Of course she could never tell this to Lowell, who just stood there, looking at her like she was crazy, his back against the counter, his arms crossed at his chest. “I’m starting to worry about you, Francie.”

She feels sick now, thinking about what she said to him after that, how she accused him of being cold and unsympathetic as he got dressed, turning away from his kiss as he made his way out the door to pick up his mother from the airport (Lowell had, apparently, called Barbara and asked her to come from Tennessee for a few days, telling her Francie was overwhelmed and could use some help with the baby, without even discussing it with her first).
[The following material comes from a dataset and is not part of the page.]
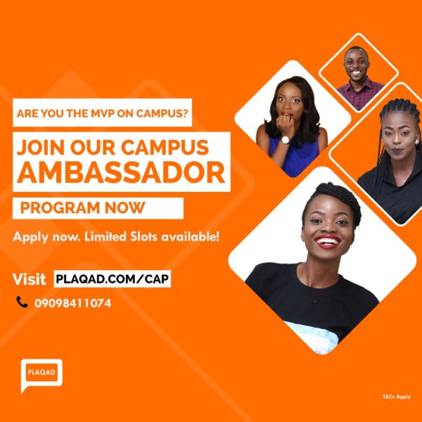 To join the Plaqad Ambassadorship Program, interested students must be a registered, full-time undergraduate student of any tertiary institution in Nigeria.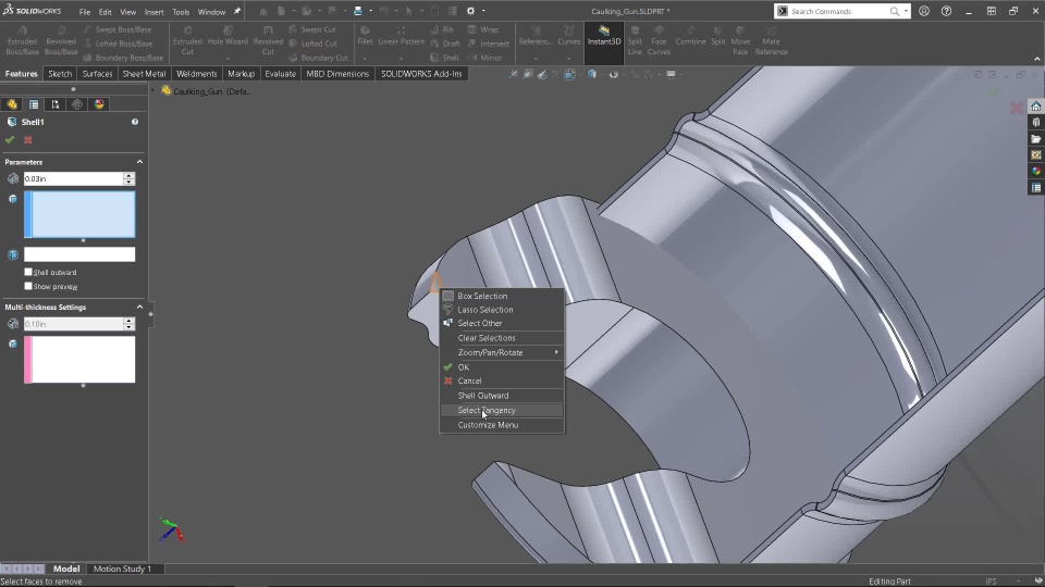 For this session, we will create a model of a caulking gun that is used to apply adhesive. This is a curious piece of geometry because it can be completed a number of different ways. However, the way we are going to build this model is very specific. We will construct this geometry as a multi-body part, specifically using 2D sketches to create solid geometry, as well as sheet metal geometry. Furthermore, we will control this part using sketches with associative relations that will tie into the constraints for everything else. This will allow us to make changes to our design efficiently and quickly.

Francie hates it when they fight. They hardly ever argued before, but now, since the baby, she’s annoyed by everything he does. She knows she needs to apologize to him and smooth things over, especially with Barbara staying with them, sleeping on the sofa in the living room, in earshot of every word they exchange. She reaches for her phone, but then she feels a pair of hands around her waist.

She turns, her phone frozen in her hand, stunned by how handsome he is up close: his icy blue eyes; his strong, square jaw; his dark hair under the bright red baseball cap. Before she can even say hello, he lifts her from the stool and draws her close, kissing her in a way she hasn’t been kissed in a very long time, helping her forget all about Lowell.



He pulls back. “You are the woman I’m supposed to meet, correct?”